In reply to: In reply to: It doesn't. This is why the concept of "fall factor" was created. Curt That is wrong Curt. The speed you aquire while falling is very important to calculate the real stress that the rope will hold. The fall factor is a simplification to make it easier to understand. Hey, thanks for posting something totally incorrect and nonsensical. Maybe you should take a physics class or two, learn that the correct term for "speed" is velocity and try to understand the subject matter about which you are posting. Curt





quietseas
Feb 28, 2004, 7:17 PM
Post #24 of 24
(9258 views)
Shortcut
Registered: Nov 2, 2002
Posts: 31

hey dude, not sure if anybody has answered this yet. look in your textbook under "impulse equation". figure how far you fall, get the velocity using 9.8 m/s/s for acceleration. then use the stretch of the rope (usually the mfgr. lists a % stretch or something like it) and figure how much distance you will take to stop. using initial velocity, and length to stop, you can figure out a new acceleration (the rate of DEceleration from the fall as the rope stops you). plug this into F=ma using your mass (in kilograms, 1kg=2.2 lbs) and you will get a force in Newtons (units will be Kg*m/s/s if done right).

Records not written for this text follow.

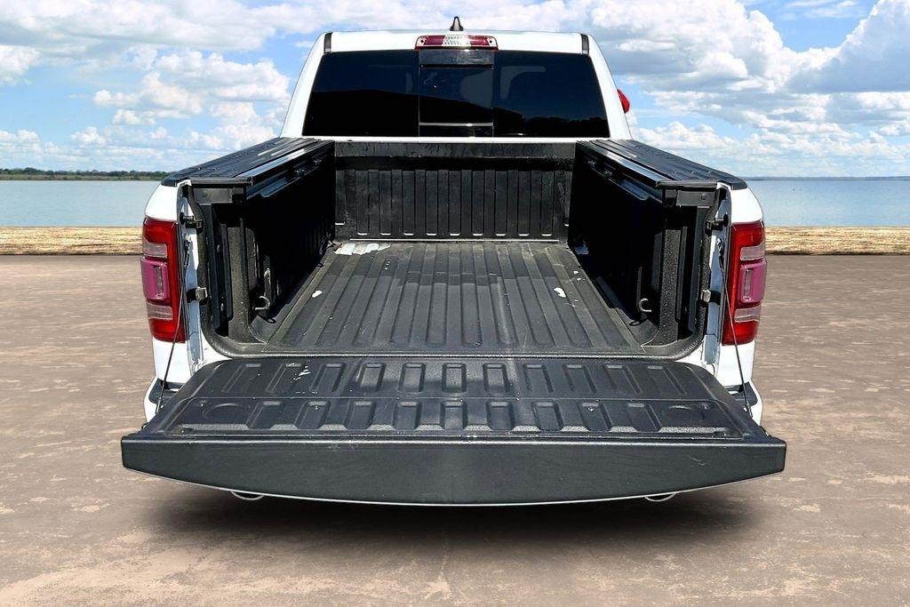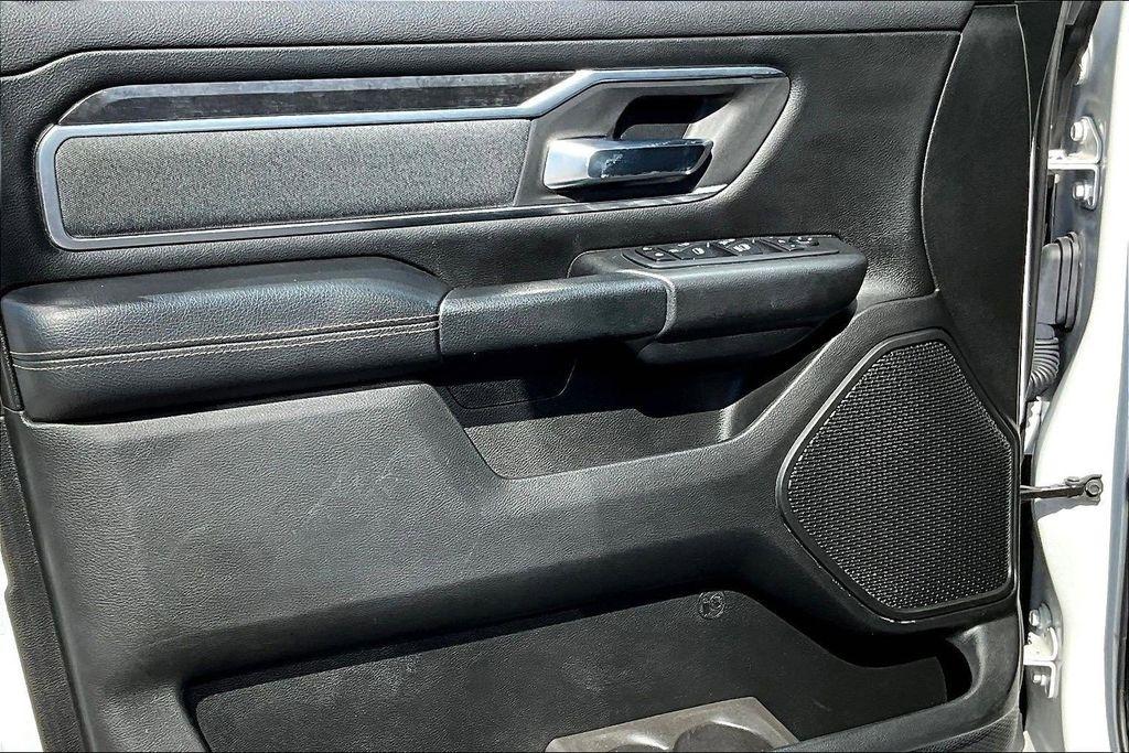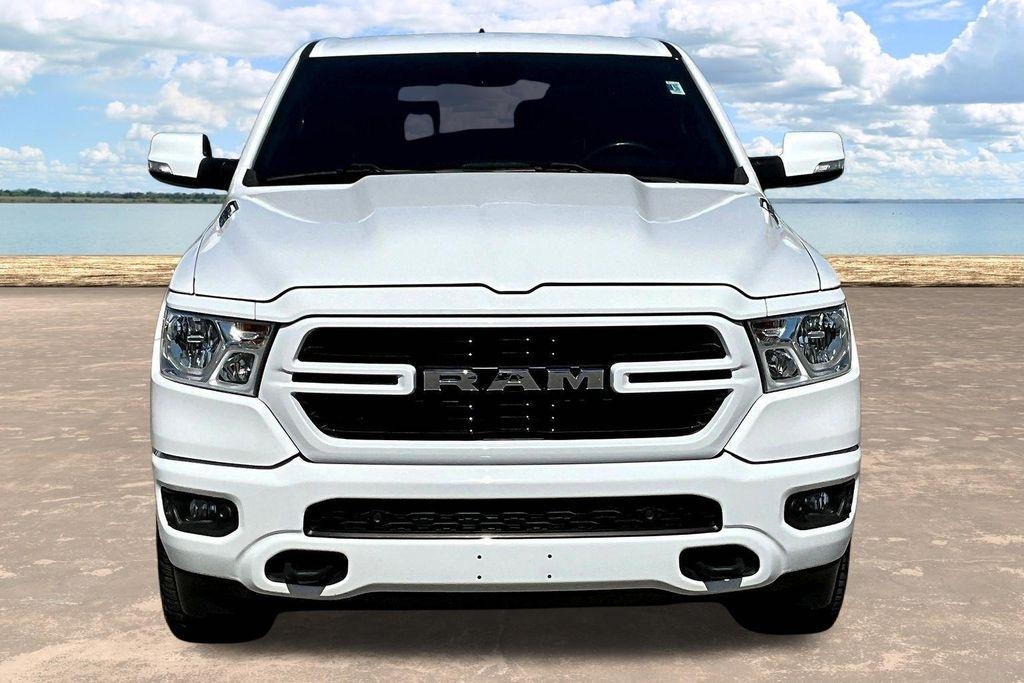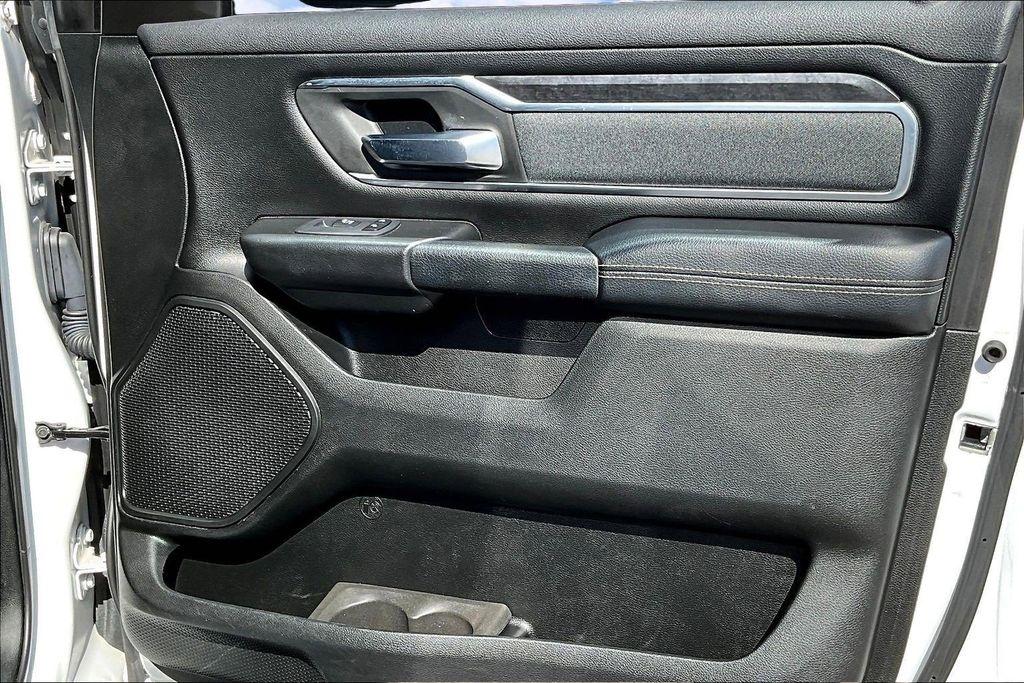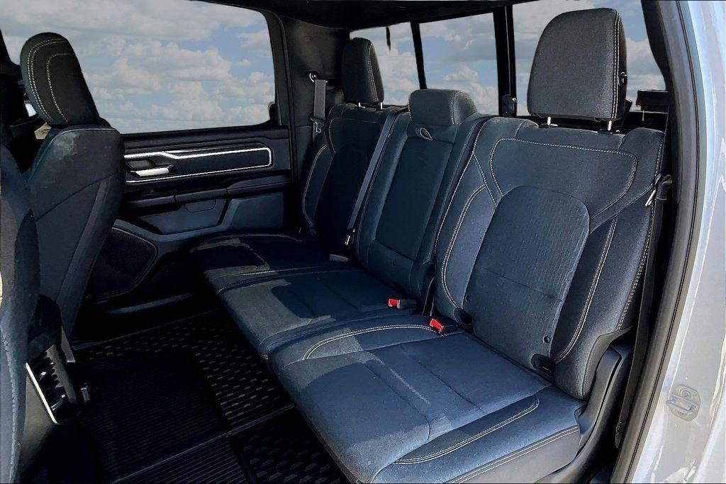 The exterior of this Ram 1500 is sleek and stylish, with a bold white paint job that commands attention. The Sport Appearance Package adds an extra touch of sophistication, with body-colored accents and premium wheels that give the truck a refined, yet rugged look.
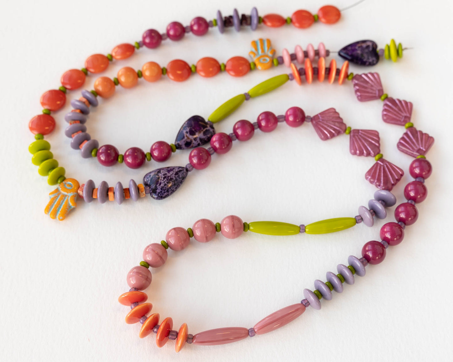 Made with glass beads from Czechia and Impression Jasper stone beads. This versatile necklace can be worn long or doubled.
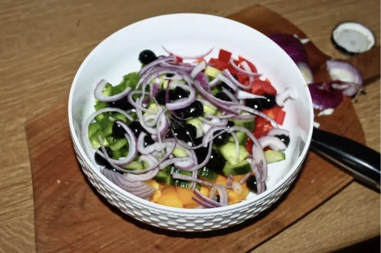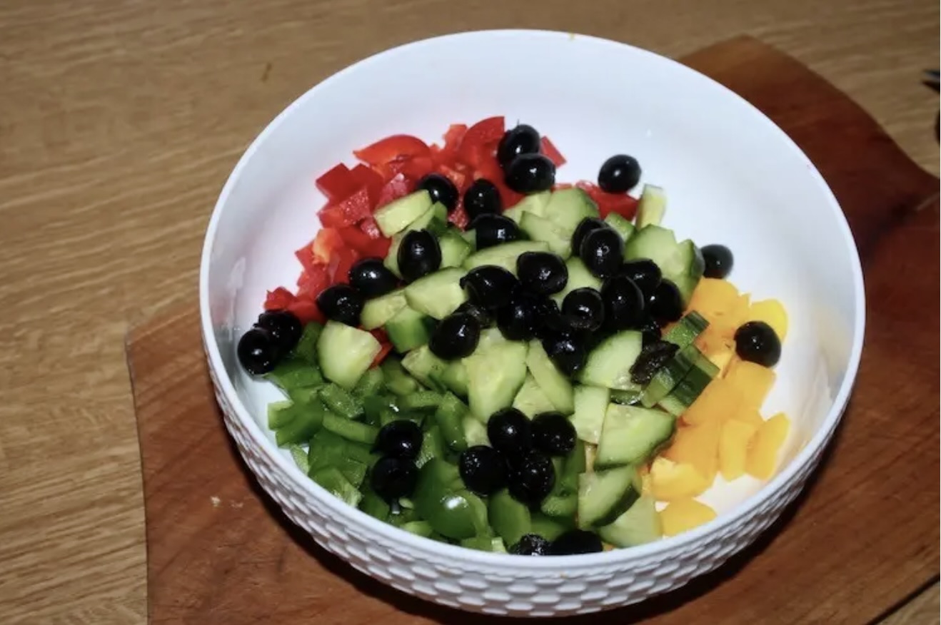 Połączenie składników: Wszystkie pokrojone warzywa i oliwki umieść w dużej misce.
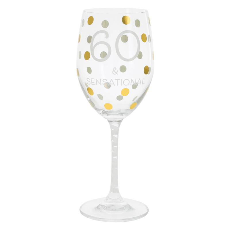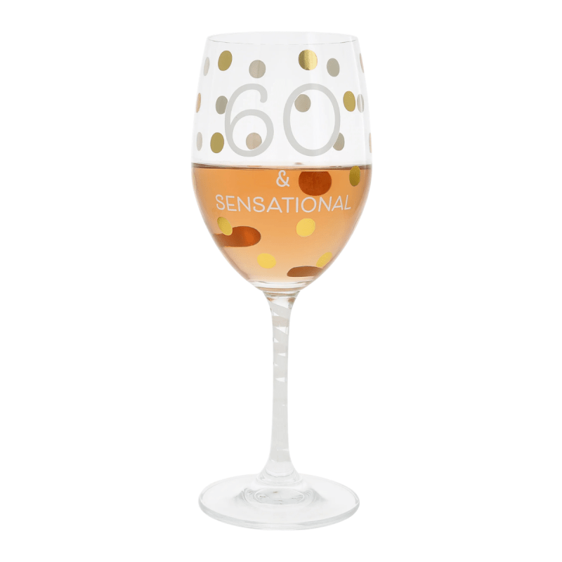 Crafted from durable, crystal-clear glass, this 19 oz stemmed wine glass features shimmering metallic gold accents and a spacious bowl designed for wine and cocktails. The elegant design blends quality and celebration, making it perfect for milestone moments. Featuring the uplifting “60 & Sensational” message surrounded by gold dot detailing, it beautifully celebrates confidence, joy, and timeless style at sixty.

I do not remember the exact steps as I have done this all a long time ago. Good luck! It's really a fairly easy and fun thing to do on a rainy day if you don't mind a lot of numbers. BTW, on my rope, my mass, i remember that I could fall it's entire length at factor 2 and the harness would hold up quite nicely! The rope would have some issues, and I never even came close to stressing a sling or biner when using the dynamic rope in the equation. An interesting aside to this is that in theory, if using static rope, the impact force would be infinite. Not so considering that your body gives and slows itself, but this is a wonderful mathematic illustration of why you shouldn't EVER take a fall on a static rope. Besides the fact that even a two foot fall hurts like mad! (I was stupid once, and in the future will look back on today as being stupid as well!)